I have an access to this dictionary in the above function. How do i dynamically generate the regex from the keys of the dictionary. Size of the dictionary is also not fixed.

So, i want to replace r'(?i)I|(?i)J|(?i)K|(?i)L|(?i)M|(?i)N|(?i)Y' with something like r'(?i)k1|(?i)k2.

PS: Above pattern code is used to generate tokens when we write our lexer using ply library in python.

zubug55
  • 729
  • 7
  • 27
  • 2
    `t_FUNC_` returns its second parameter. It does not return a regex. – DYZ Jan 06 '19 at 02:54
  • @DYZ: That's the way PLY works. The regex is taken from the function's docstring and the function is called only after the regex is matched (and only if the regex is matched). The second parameter of the action function -- really the first argument since OP is using a lexer class -- is the token object which the scanner has already built; the idea is that the action function can modify the token object as it chooses before it is passed on to the parser. It can even manufacture an entirely new token object, by returning something other than the argument it is being given. – rici Jan 06 '19 at 07:38
  • @rici That's what thought. But _still_ the function does not return the regex, contrary to the OP's claim. – DYZ Jan 06 '19 at 07:40
  • 1
    @dyz: true, but I strongly suspect that was just a simple wording error. I doubt whether English is OP's first language. See their previous question https://stackoverflow.com/questions/54048095/getter-setter-as-function-in-python-class-giving-no-attribute-found-error for a slightly clearer description, which still needs to be read with a bit of generosity. – rici Jan 06 '19 at 07:44

3 Answers3

2

To put the keys of the dict into your regex is as simple as:

Code:

regex = '|'.join('(?i){}'.format(k) for k in data)

Test Code:

data = {'k1': 'v1', 'k2': 'v2'}
regex = '|'.join('(?i){}'.format(k) for k in data)
print(regex)

Results:

(?i)k1|(?i)k2
Stephen Rauch
  • 47,830
  • 31
  • 106
  • 135
1
'(?i)'+'|'.join(re.escape(k) for k in dic)

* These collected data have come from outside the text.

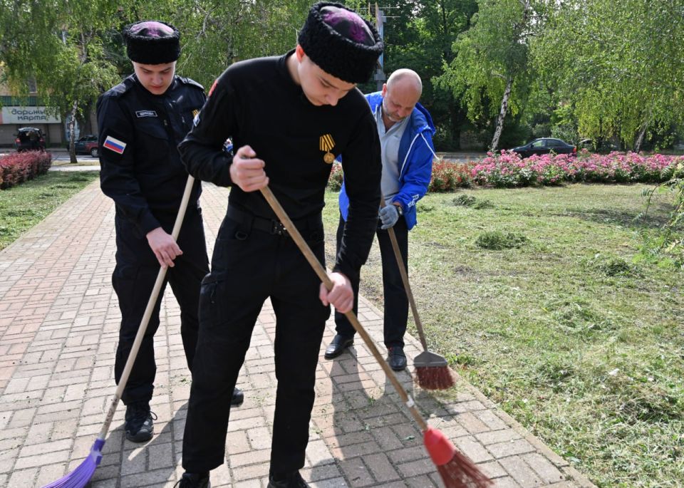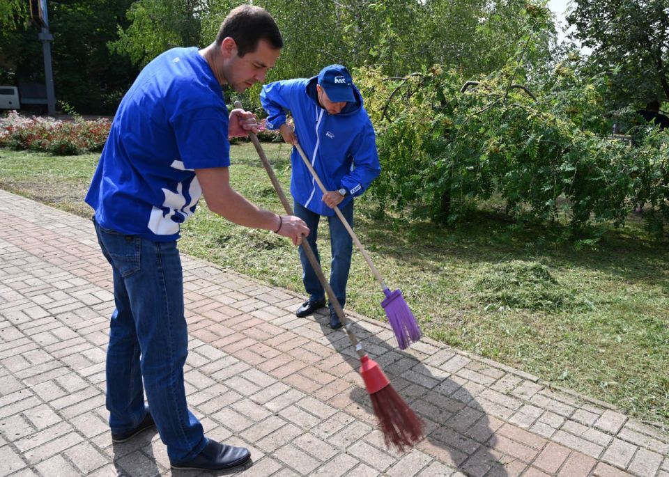Сотрудники Управы Куйбышевского внутригородского района вместе с депутатами Донецкого городского совета Дмитрием Пефтеевым и Сергеем Остапенко, активистами Молодёжного казачьего отряда «Карачун» и специалистами "Зеленстроя" присоединился к акции "Чистый четверг".
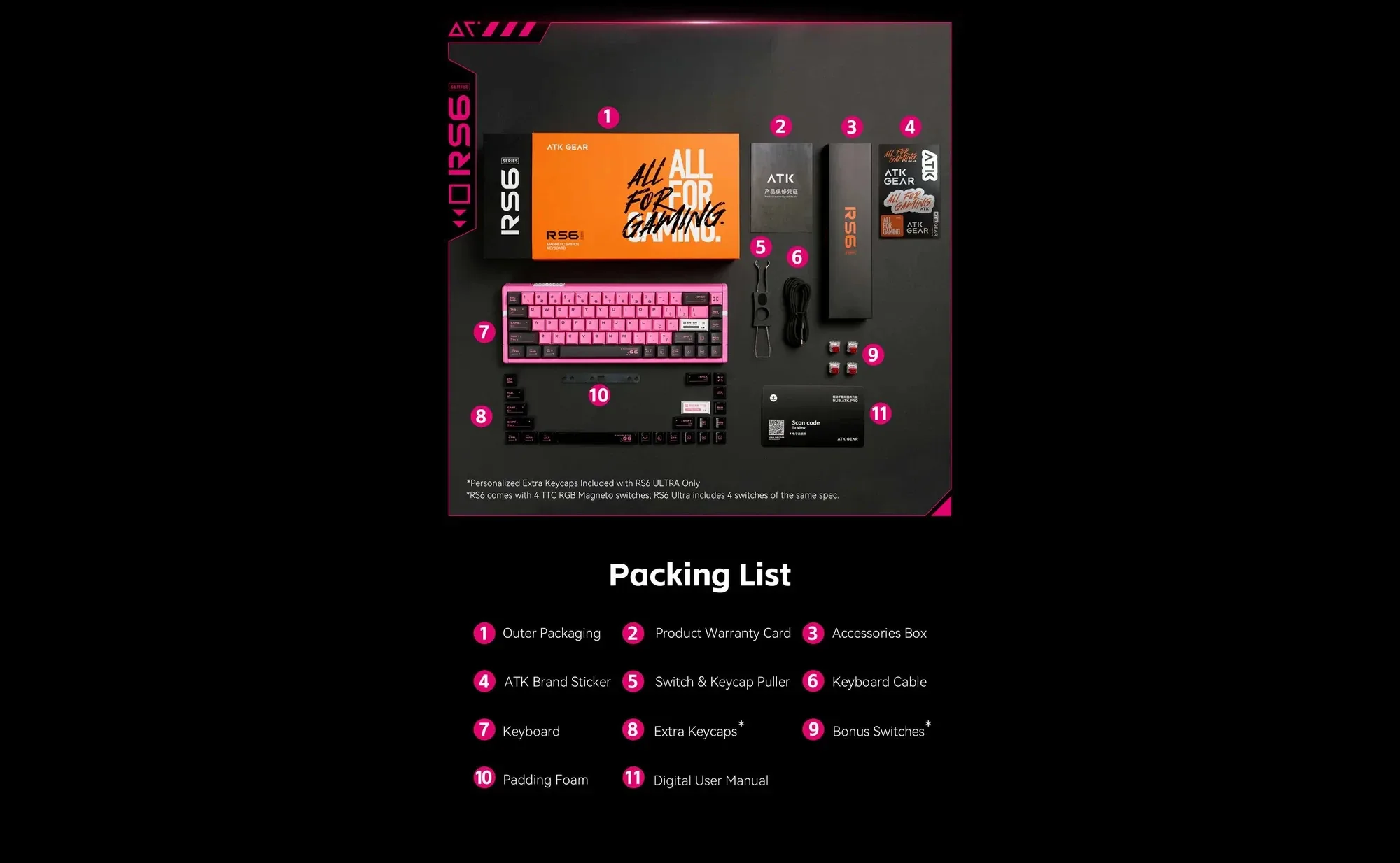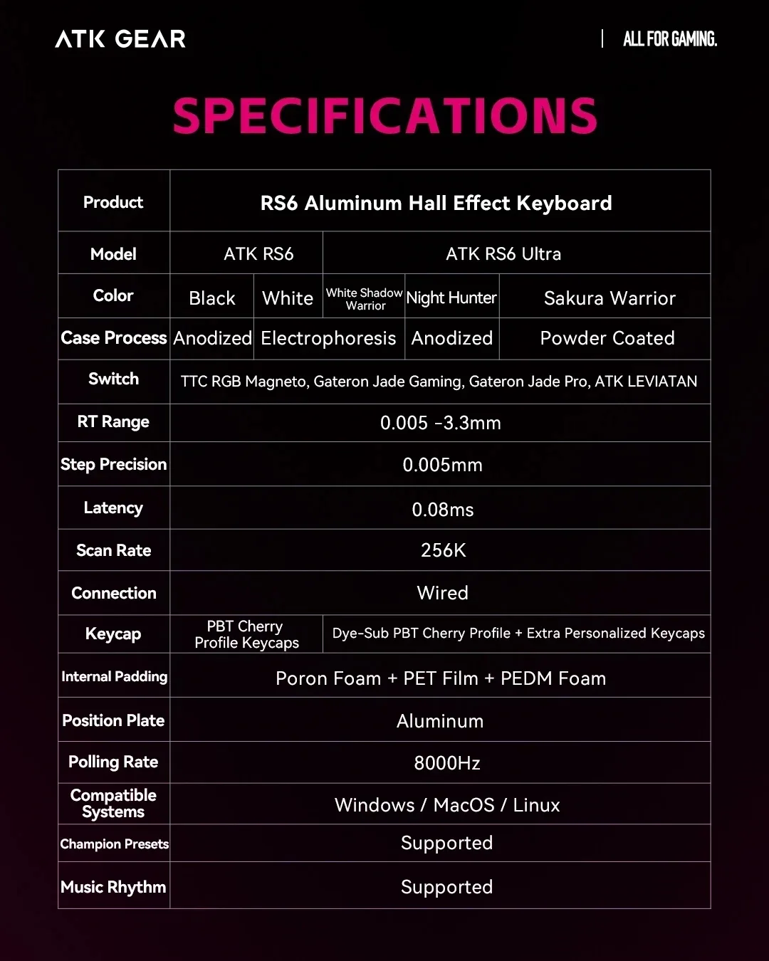 ATK професионална геймърска механична клавиатура Professional Gaming Mechanical Keyboard RS6 Ultra – 8K, TTC RGB Magneto [Linear] – Sakura Warrior
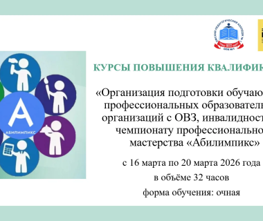 Реализованы курсы повышения квалификации педагогических работников по программе ДПО «Организация подготовки обучающихся с ОВЗ, инвалидностью к чемпионату профессионального мастерства «Абилимпикс» в Омском педагогическом колледже № 1 (БПОО)
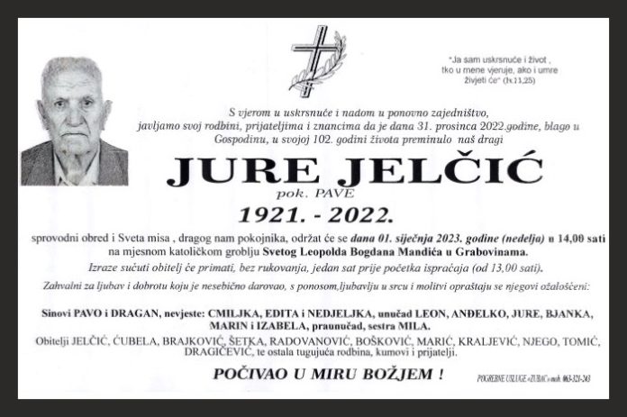 S vjerom u uskrsnuće i nadom u ponovno zajedništvo, javljamo svoj rodbini, prijateljima i znancima da je dana 31. prosinca 2022.godirte, blago u Gospodinu, u svojoj 102. godini života preminulo naš dragi
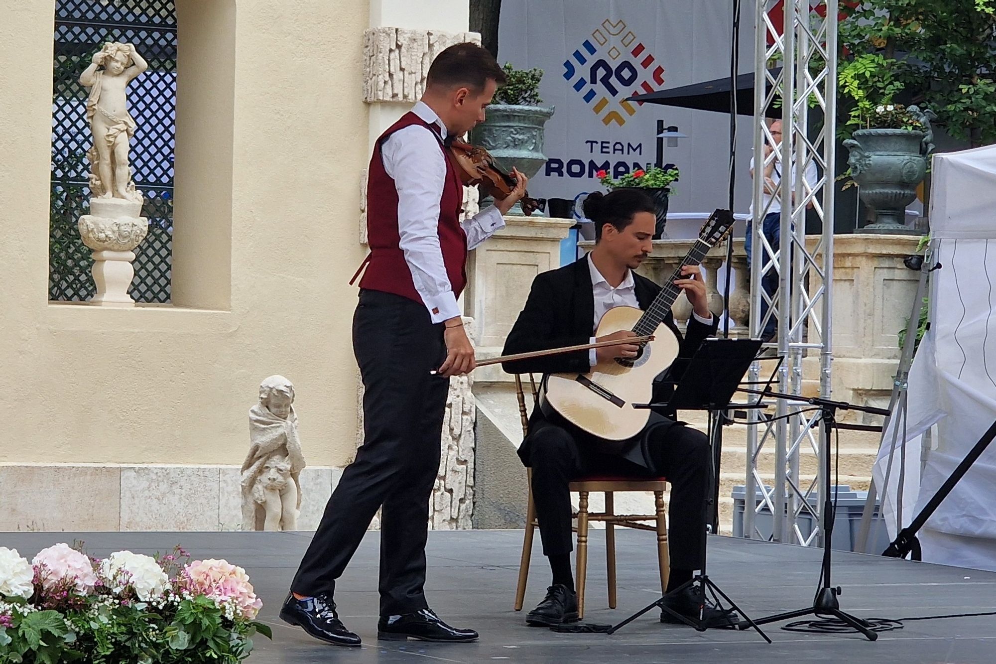 Casa României din incinta Palatului Behague din Paris a fost în această seară gazda unui eveniment de înaltă clasă. Violonistul Alexandru Tomescu și a sa vioară Stradivarius, alături de chitaristul Dragoș Ilie au bucurat asistența cu un scurt recital de muzică clasică dedicat TEAM ROMANIA și performanțelor sportivilor români.
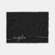 Moderne minimaliste personnalisée petite couverture en toison pour elle. La signature girly moderne dispose d'une belle police calligraphie blanche alignée à gauche et élégante avec des queues décoratives glamour. Vous pouvez customiser l'arrière - plan noir solide à votre couleur préférée. Il peut y avoir quelques noms courts ou longs qui vous demanderont d'augmenter ou de diminuer la taille de la police pour garder les swashes qui se déversent du bord avec cet effet délicat.
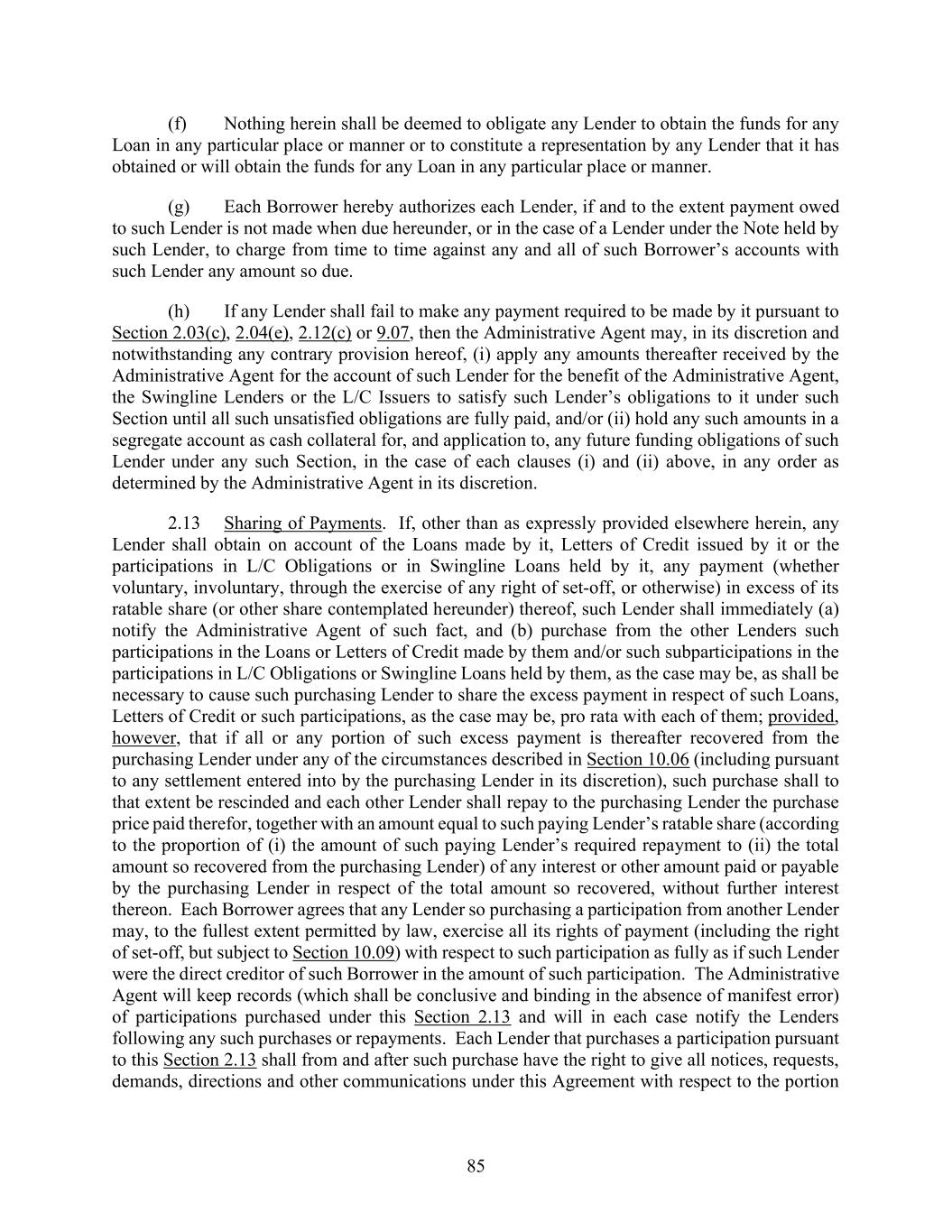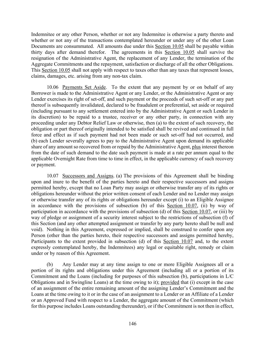 146 Indemnitee or any other Person, whether or not any Indemnitee is otherwise a party thereto and whether or not any of the transactions contemplated hereunder or under any of the other Loan Documents are consummated. All amounts due under this Section 10.05 shall be payable within thirty days after demand therefor. The agreements in this Section 10.05 shall survive the resignation of the Administrative Agent, the replacement of any Lender, the termination of the Aggregate Commitments and the repayment, satisfaction or discharge of all the other Obligations. This Section 10.05 shall not apply with respect to taxes other than any taxes that represent losses, claims, damages, etc. arising from any non-tax claim. 10.06 Payments Set Aside. To the extent that any payment by or on behalf of any Borrower is made to the Administrative Agent or any Lender, or the Administrative Agent or any Lender exercises its right of set-off, and such payment or the proceeds of such set-off or any part thereof is subsequently invalidated, declared to be fraudulent or preferential, set aside or required (including pursuant to any settlement entered into by the Administrative Agent or such Lender in its discretion) to be repaid to a trustee, receiver or any other party, in connection with any proceeding under any Debtor Relief Law or otherwise, then (a) to the extent of such recovery, the obligation or part thereof originally intended to be satisfied shall be revived and continued in full force and effect as if such payment had not been made or such set-off had not occurred, and (b) each Lender severally agrees to pay to the Administrative Agent upon demand its applicable share of any amount so recovered from or repaid by the Administrative Agent, plus interest thereon from the date of such demand to the date such payment is made at a rate per annum equal to the applicable Overnight Rate from time to time in effect, in the applicable currency of such recovery or payment. 10.07 Successors and Assigns. (a) The provisions of this Agreement shall be binding upon and inure to the benefit of the parties hereto and their respective successors and assigns permitted hereby, except that no Loan Party may assign or otherwise transfer any of its rights or obligations hereunder without the prior written consent of each Lender and no Lender may assign or otherwise transfer any of its rights or obligations hereunder except (i) to an Eligible Assignee in accordance with the provisions of subsection (b) of this Section 10.07, (ii) by way of participation in accordance with the provisions of subsection (d) of this Section 10.07, or (iii) by way of pledge or assignment of a security interest subject to the restrictions of subsection (f) of this Section (and any other attempted assignment or transfer by any party hereto shall be null and void). Nothing in this Agreement, expressed or implied, shall be construed to confer upon any Person (other than the parties hereto, their respective successors and assigns permitted hereby, Participants to the extent provided in subsection (d) of this Section 10.07 and, to the extent expressly contemplated hereby, the Indemnitees) any legal or equitable right, remedy or claim under or by reason of this Agreement. (b) Any Lender may at any time assign to one or more Eligible Assignees all or a portion of its rights and obligations under this Agreement (including all or a portion of its Commitment and the Loans (including for purposes of this subsection (b), participations in L/C Obligations and in Swingline Loans) at the time owing to it); provided that (i) except in the case of an assignment of the entire remaining amount of the assigning Lender’s Commitment and the Loans at the time owing to it or in the case of an assignment to a Lender or an Affiliate of a Lender or an Approved Fund with respect to a Lender, the aggregate amount of the Commitment (which for this purpose includes Loans outstanding thereunder), or if the Commitment is not then in effect,

You need the re.escape in case one of the dic keys happen to contain a control character in the regex language (like |). Also, the use of global inline flags like (?i) is deprecated anywhere in the pattern but the start. (If you only want it to apply to part of the expression, you can use the new local flag syntax, (?i:foo).)

gilch
  • 10,813
  • 1
  • 23
  • 28
  • The original question is about generating lexers with [ply]. Since Ply does not permit dynamic modification of the regular expressions after the lexical scanner is generated, this answer is not particularly relevant to the actual question. – rici Jan 06 '19 at 07:40
1

As @AustinHastings says in a comment, Ply builds the lexical scanner by combining the regular expressions supplied in the lexer class, either as the values of class members or as the docstrings of class member functions. Once the scanner is built, it will not be modified, so you really cannot dynamically adjust the regular expressions, at least not after the scanner has been generated.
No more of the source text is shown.